• Work task
Using the data below, restate exactly every line from the one with "Reklamos laikraštyje bei tinklapyje įkainiai" up to and including the one with "Bước 1: Kích". No picture belongs in it.
(Information given begins)
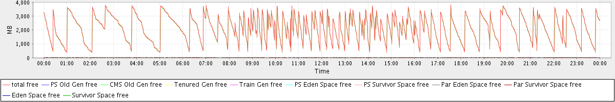 avg(total free) = 2118.09 avg(PS Old Gen free) = 0.00 avg(CMS Old Gen free) = 2097.08 avg(Tenured Gen free) = 0.00 avg(Train Gen free) = 0.00 avg(PS Eden Space free) = 0.00 avg(PS Survivor Space free) = 0.00 avg(Par Eden Space free) = 20.94 avg(Par Survivor Space free) = 0.06 avg(Eden Space free) = 0.00 avg(Survivor Space free) = 0.00
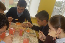 Ежедневно в нашей школе соблюдают правила здорового питания.Правильное питание человека должно состоять на одну треть из овощей и фруктов. В нашем меню присутствуют огурцы, помидоры, салаты из моркови, свеклы, белокачанной капусты, овощное рагу, картофельное пюре, щи, кисель, яблочный напиток, персиковый сок, компоты из смеси сухофруктов, из свежих плодов, чай с лимоном.
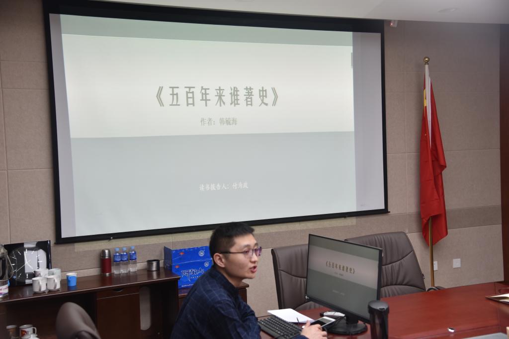 2021年3月28日19点,千亿国际网页版登录举行的第十二期“碧立格”系列读书报告会在田楼607会议室准时开始,本次读书报告会由千亿国际网页版登录付为政博士主讲,汇报的书目为韩毓海先生所著《五百年来谁著史——1500年以来的中国与世界》。本次读书会由千亿国际网页版登录党总支副书记阿荣主持。参与本场报告会有千亿国际网页版登录博士生导师王来喜教授,及我院博士硕士研究生30余人。
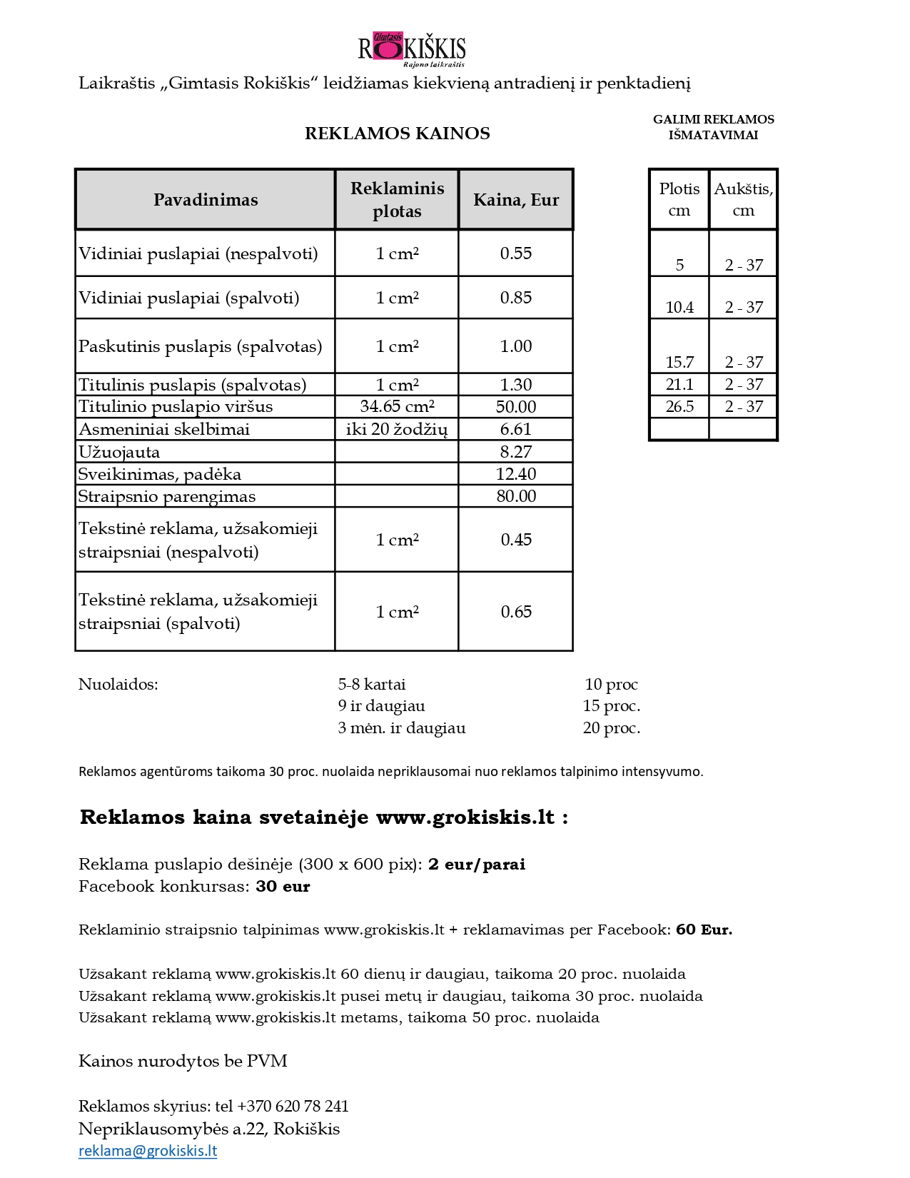 Reklamos laikraštyje bei tinklapyje įkainiai
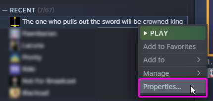 Bước 1: Kích hoạt đầu vào Steam bằng cách mở Library của Steam, nhấp chuột phải vào trò chơi và chọn Properties.
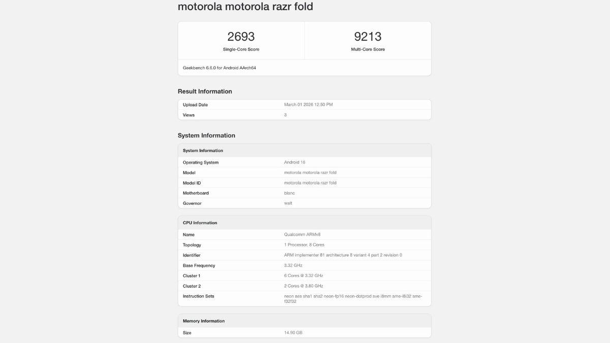 In Geekbench CPU tests, the Razr Fold scored 2693 points in single-core and 9213 points in multi-core performance. These scores are very close to what the Samsung Galaxy Z Fold 7 achieved with its Snapdragon 8 Elite chip. The Galaxy Z Fold 7 scored around 2703 in single-core and 9317 in multi-core tests. This shows that Motorola’s foldable will deliver flagship-level performance and can compete directly with Samsung’s premium foldable lineup.
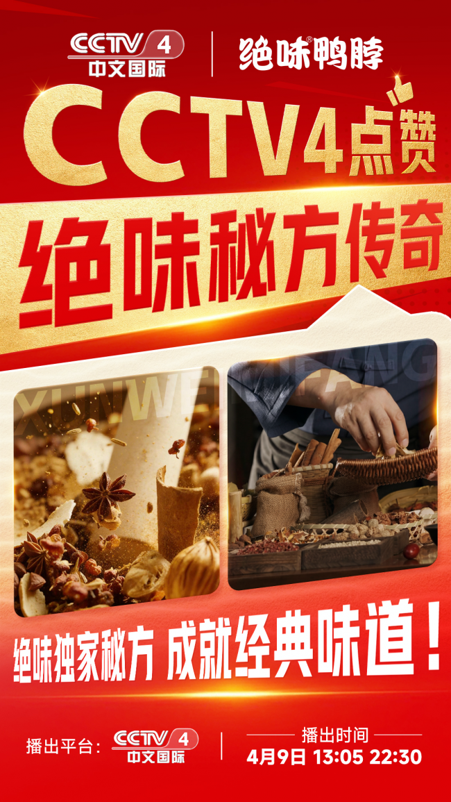 21年的坚守,不仅让绝味的风味成为行业内难以复刻的特色,更让这份匠心获得了国家级权威平台的关注。CCTV-4面向全球华人与国际观众,播出绝味食品的品牌故事,讲述绝味21年的风味坚守,将镜头下的匠心转化为可见的品牌信任。作为国家级国际传播平台,CCTV-4的宣传,既是对绝味21年守味成果的肯定,也让中国卤味的匠心走向了更广阔的国际视野。
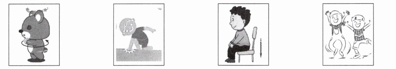 Sit down. Turn around. Touch the ground. Jump up and down.
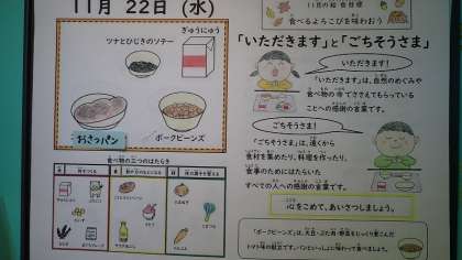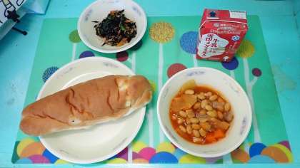 「ポークビーンズ」は、ほくほくの大豆とやわらかい豚肉を、甘酸っぱいトマト味でおいしくいただきました。トマトのさわやかな酸味と甘みが食欲をそそりました。今日のパンは「おさつパン」でした。さつまいもの甘みとふかふかのパンを味わっておいしくいただきました。
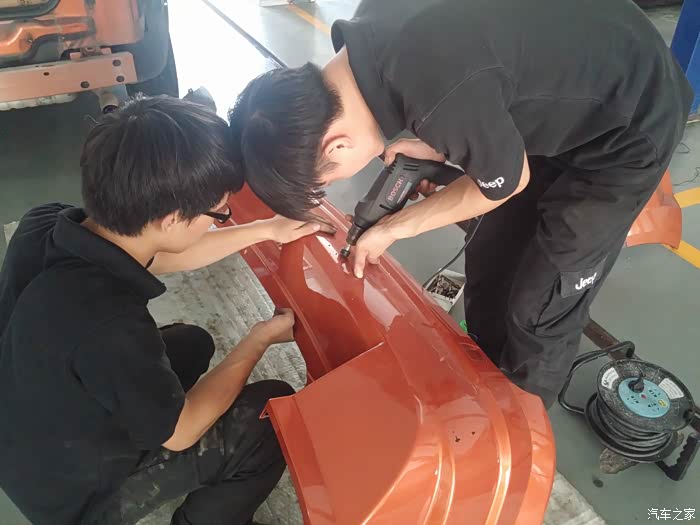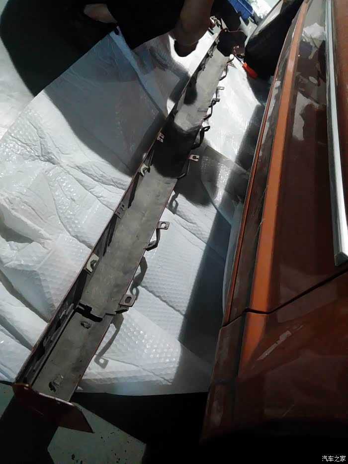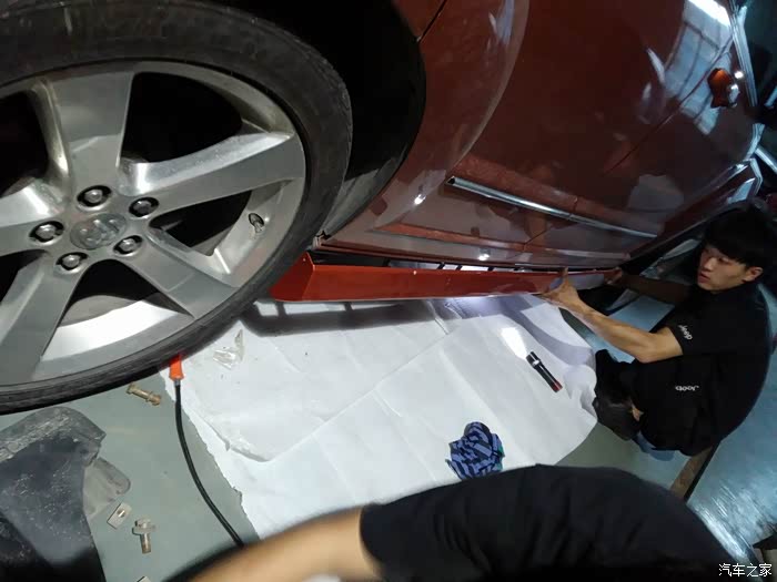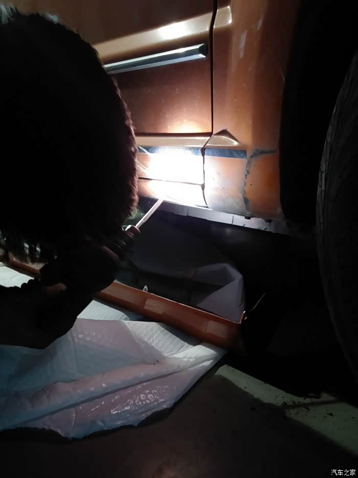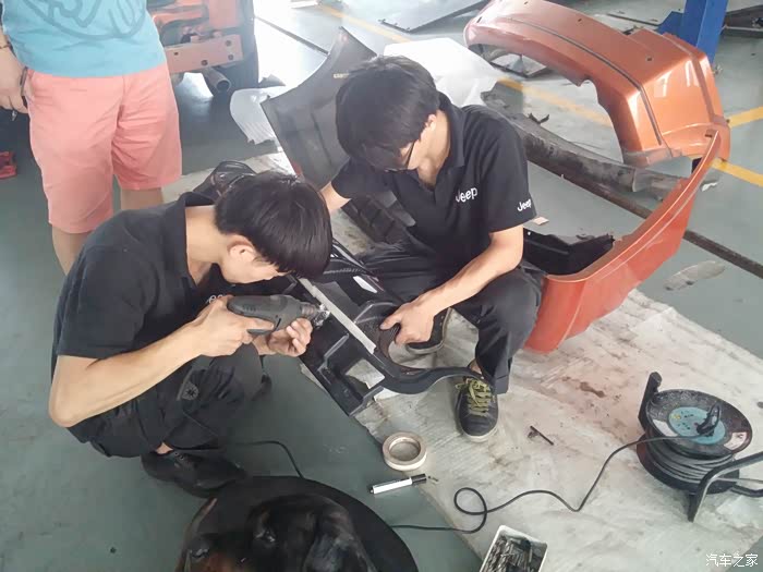 然后开始对位,因为SXT车型,在侧包围位置没有预留孔位,所以要动家伙了!
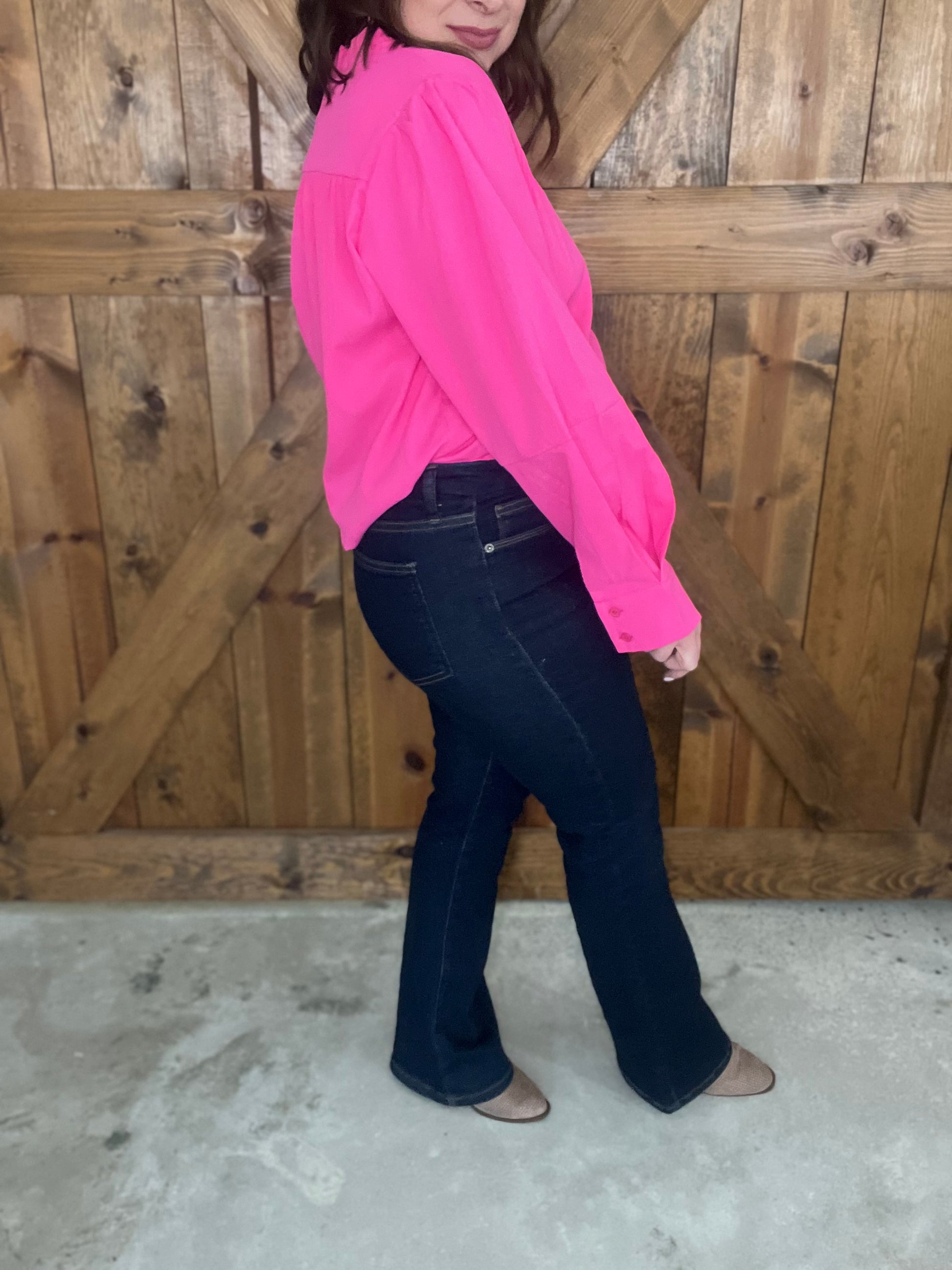 These sleek slim bootcut jeans are cut for a clean, polished look that works from desk to dinner. With a 9.5" rise that sits just right and a 30" inseam, they're designed for an effortless fit. The 6.5" opening gives you that classic bootcut silhouette that pairs perfectly with everything from sneakers to heels. In super dark wash, they're versatile enough to dress up or down—basically your new go-to pair that makes getting dressed way more fun.
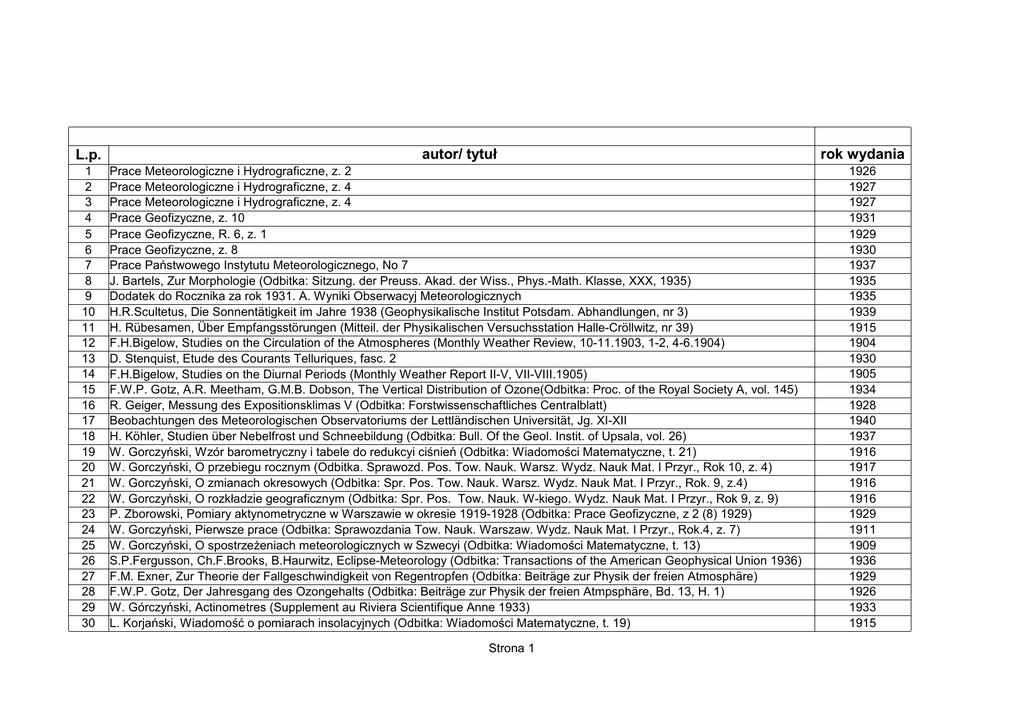 L.p. 1 2 3 4 5 6 7 8 9 10 11 12 13 14 15 16 17 18 19 20 21 22 23 24 25 26 27 28 29 30 autor/ tytuł Prace Meteorologiczne i Hydrograficzne, z. 2 Prace Meteorologiczne i Hydrograficzne, z. 4 Prace Meteorologiczne i Hydrograficzne, z. 4 Prace Geofizyczne, z. 10 Prace Geofizyczne, R. 6, z. 1 Prace Geofizyczne, z. 8 Prace Państwowego Instytutu Meteorologicznego, No 7 J. Bartels, Zur Morphologie (Odbitka: Sitzung. der Preuss. Akad. der Wiss., Phys.-Math. Klasse, XXX, 1935) Dodatek do Rocznika za rok 1931. A. Wyniki Obserwacyj Meteorologicznych H.R.Scultetus, Die Sonnentätigkeit im Jahre 1938 (Geophysikalische Institut Potsdam. Abhandlungen, nr 3) H. Rübesamen, Über Empfangsstörungen (Mitteil. der Physikalischen Versuchsstation Halle-Cröllwitz, nr 39) F.H.Bigelow, Studies on the Circulation of the Atmospheres (Monthly Weather Review, 10-11.1903, 1-2, 4-6.1904) D. Stenquist, Etude des Courants Telluriques, fasc. 2 F.H.Bigelow, Studies on the Diurnal Periods (Monthly Weather Report II-V, VII-VIII.1905) F.W.P. Gotz, A.R. Meetham, G.M.B. Dobson, The Vertical Distribution of Ozone(Odbitka: Proc. of the Royal Society A, vol. 145) R. Geiger, Messung des Expositionsklimas V (Odbitka: Forstwissenschaftliches Centralblatt) Beobachtungen des Meteorologischen Observatoriums der Lettländischen Universität, Jg. XI-XII H. Köhler, Studien über Nebelfrost und Schneebildung (Odbitka: Bull. Of the Geol. Instit. of Upsala, vol. 26) W. Gorczyński, Wzór barometryczny i tabele do redukcyi ciśnień (Odbitka: Wiadomości Matematyczne, t. 21) W. Gorczyński, O przebiegu rocznym (Odbitka. Sprawozd. Pos. Tow. Nauk. Warsz. Wydz. Nauk Mat. I Przyr., Rok 10, z. 4) W. Gorczyński, O zmianach okresowych (Odbitka: Spr. Pos. Tow. Nauk. Warsz. Wydz. Nauk Mat. I Przyr., Rok. 9, z.4) W. Gorczyński, O rozkładzie geograficznym (Odbitka: Spr. Pos. Tow. Nauk. W-kiego. Wydz. Nauk Mat. I Przyr., Rok 9, z. 9) P. Zborowski, Pomiary aktynometryczne w Warszawie w okresie 1919-1928 (Odbitka: Prace Geofizyczne, z 2 (8) 1929) W. Gorczyński, Pierwsze prace (Odbitka: Sprawozdania Tow. Nauk. Warszaw. Wydz. Nauk Mat. I Przyr., Rok.4, z. 7) W. Gorczyński, O spostrzeżeniach meteorologicznych w Szwecyi (Odbitka: Wiadomości Matematyczne, t. 13) S.P.Fergusson, Ch.F.Brooks, B.Haurwitz, Eclipse-Meteorology (Odbitka: Transactions of the American Geophysical Union 1936) F.M. Exner, Zur Theorie der Fallgeschwindigkeit von Regentropfen (Odbitka: Beiträge zur Physik der freien Atmosphäre) F.W.P. Gotz, Der Jahresgang des Ozongehalts (Odbitka: Beiträge zur Physik der freien Atmpsphäre, Bd. 13, H. 1) W. Górczyński, Actinometres (Supplement au Riviera Scientifique Anne 1933) L. Korjański, Wiadomość o pomiarach insolacyjnych (Odbitka: Wiadomości Matematyczne, t. 19) Strona 1 rok wydania 1926 1927 1927 1931 1929 1930 1937 1935 1935 1939 1915 1904 1930 1905 1934 1928 1940 1937 1916 1917 1916 1916 1929 1911 1909 1936 1929 1926 1933 1915 31 32 33 34 35 36 37 38 39 40 41 42 43 44 45 46 47 48 49 50 51 52 53 54 55 56 57 58 59 60 61 62 63 64 65 66 W. Gorczyński, O uprzywilejowanym charakterze usłonecznienia (Odbitka: Sprawozd. Pos. Tow. Nauk. Warsz. 31, Wydział III) H. Köhler, Űber den Austausch zwischen Unterlage und Luft. Erste Mitteilung (Odbitka: Gerlands Beiträge zur Geophysik), Bd 24 E. Stenz, Widmo słoneczne a człowiek F. Schanz, Das Ultraviolet im Tageslicht und im Licht künstlicher Lichtquellen (Nadbitka: Photographischen Korrespondenz, Nr 725) D. Szymkiewicz, Etudes clomatologiques XXI-XXII (Odbitka: Acta Societatis Botanicorum Poloniae, vol. 8, nr 3-4) D. Szymkiewicz, Etudes climatologiques VII-X (Odbitka: Acta Societatis Botanicorum Poloniae, vol. 4, nr 1) W. Gorczyński, Kilka wyników z wypraw aktynometrycznych (Odbitka: Rocznik Astronomiczny Obserwatorjum Krakowskiego) E. Stenz, Porównania aktynometryczno-pyrheliometryczne (Odbitka: Kosmos) E. Stenz, Polska wyprawa astronomiczna do Laponji na zaćmienie słońca 29.VI.1927 r. (Odbitka: Mathesis Polska, t. 2, z. 9-10) E. Stenz, O zakłóceniach przezroczystości atmosfery ziemskiej (Kosmos, t. 51, z. 1-4) E. Stenz, O przebiegu promieniowania słonecznego (Odbitka: Rocznik Astr. Obserwatorjum Krakowskiego na rok 1923, t. 2) E. Stenz, O zakłóceniach przezroczystości atmosfery ziemskiej (Kosmos, t. 51, z. 1-4) A. Schneider, Trübungsfaktor und Trübungsdiagramm (Odbitka: Gerlands Beiträge zur geophysik, Bd. 51, H. 1) E. Stenz, Przyczynek do teorji aktynometru (Odbitka: Sprawozdania i Prace Polskiego Towarzystwa Fizycznego, z. 5) H. Arctowski, A Study of the Changes in the Distribution of Temperature (Odbitka: Ann. of the NY Academy of Sc., vol. 24, 39-113) J. Bartels, Die Strahlung und ihre Bedeutung für das Klima (Nadbitka: Zeitschrift für Forst- und Jagdwesen 1930, Heft 7/8) W. Gorczyński, Sur le valeurs elevees et les pertes d'energie (Odbitka: Bulletin de l'Acad. Polon. des Sc. Serie A: Sc. Math.) Institut für Hochgebirgs-Physiologie und Tuberkuloseforschung in Davos, Heft 1 (C. Dorno, Allgemeines...) Fritz-Holm Bielich, Einfluss der Grosstandttrübung auf Sicht und Sonnenstrahlung C. Dorno, Die physikalischen Grundlagen der Sonnen- und Himmelsstrahling (Nadbitka: Strahlentherapie, Band 18) MM. Dedebant, Schereschewsky, Wehrle, Sur l'application au soleil du principe(Nadbitka: La Meteorologie, no 122) W. Gorczyński, Actinometros termo-electricos (Servicio Meteorologica Mexicano. Observatorio central, folleto num. 1) Ch. Jensen, Beiträge zur Photometrie des Himmels F.W.Paul Götz, Die kürzeste Wellenlänge des Sonnenlichts (Odbitka: Strahlentherapie, Bd. 40) P. Ludewig, Die Messung vertikaler Luftströmungen J. Letzmann, Richtlinien zur Erforschung von Tromben, Tornados, Wasserhose und Kleintromben J.C.Schoute, Professor Moll's method (Odbitka: Recueil des Travaux Botaniques Neerlandais, vol. 32) M. Sperer, Der Campbell-Stokessche Sonnenscheinautograph, Teil 2 M. Sperer, Der Campbell-Stokessche Sonnenscheinautograph, Teil 1 C. G. Abott, The Silver Disk Pyrhel
(Information given ends)
• Written reply
 Reklamos laikraštyje bei tinklapyje įkainiai
 Bước 1: Kích hoạt đầu vào Steam bằng cách mở Library của Steam, nhấp chuột phải vào trò chơi và chọn Properties.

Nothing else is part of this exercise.